I also did some comparison of predicted vs actual rake rates according to his framework, and they seem to fall in line with theory. Caveat being that I used some judgement in applying the criteria, and the actual take rates are approximated based on some benchmarking I’ve personally done.
- Booking.com take rate according to his framework should be 20% + 10% opaque fees + 5% quality control + 5% fraud prevention – 10% high price items – 10% users meet in person (does this qualify?) = 20% vs 14% actual rake
- Other main OTAs: expedia is around 13-18% actual rake, ctrip is around 10-15% actual rake on its hotel inventory
- Smaller chinese competitors such as meituan are at 8-10%, and tongcheng is 6-9%
- Etsy take rate predicted is 20% - 5% transparent fees - 5% buyer beware = 10% vs 5% actual
- Farfetch take rate predicted is 20% + 10% work on platform + 5% quality control + 5% fraud prevention – 5% transparent fees – 5% high price items = 30% vs 33% actual
- Taobao take rate 20% – 5% transparent fees – 5% buyer beware = 10% vs 4% actual
- Tmall take rate 20% + 10% work on platform + 5% quality control – 5% transparent fees – 5% buyer beware = 25% vs 3% actual
- JD.com take rate 20% + 5% quality control – 5% transparent fees – 5% buyer beware = 15% vs 2-8% actual
- Taobao, Tmall, JD all seem to not fit the framework.
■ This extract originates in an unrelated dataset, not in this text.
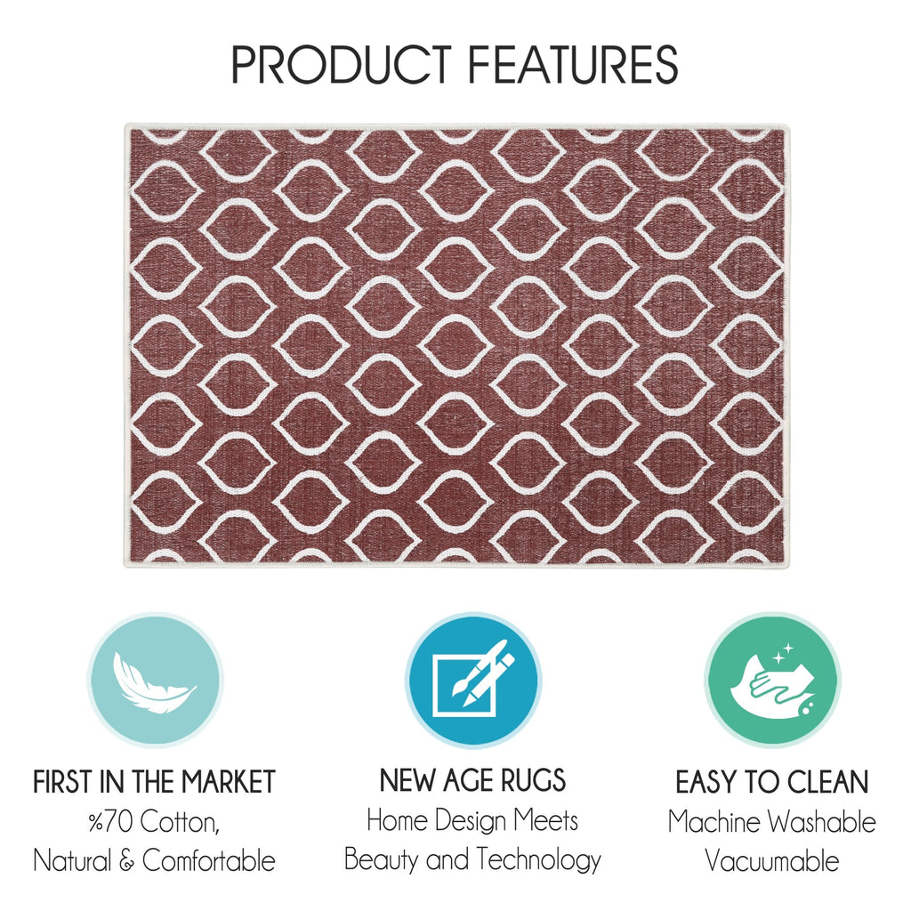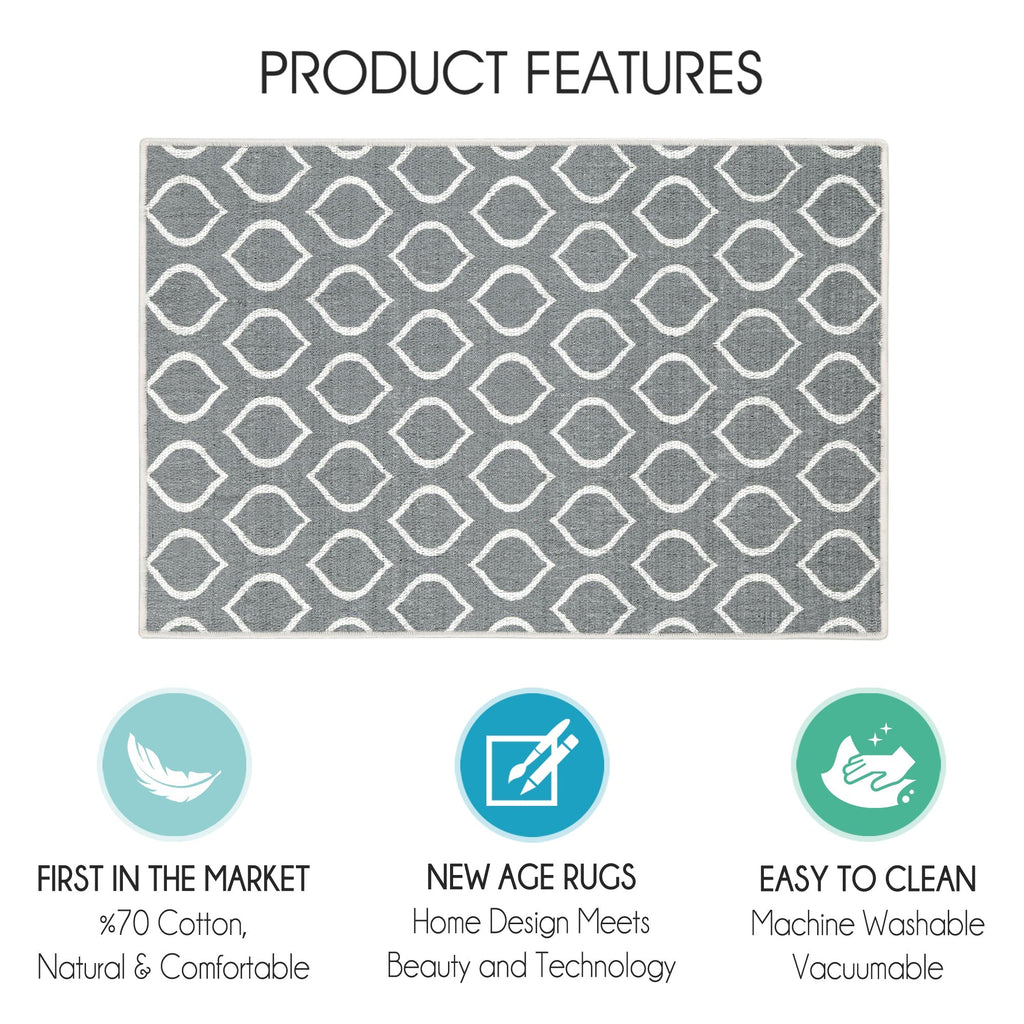 Lightweight, soft to touch, and durable, 70% cotton and 30% polyester material of this lattice area rug is full of advantages and practical convenience.

My guess is this has to do with China’s market, and how Taobao was initially started as a platform with 0 fees to compete against EachNet. So the starting point was at a 0% take rather than 20%
- Mercado libre take rate 20% + 5% quality control – 5% transparent fees – 5% buyer beware = 15% vs 17% actual
- Stubhub/Seatgeek take rate 20% + 10% opaque fees + 5% quality control + 5% fraud prevention - 5% high price items = 35% vs 40%+ actual
If I’m mistaken on any of the above or if you have responses, feel free to let me know and I’ll correct the post as needed.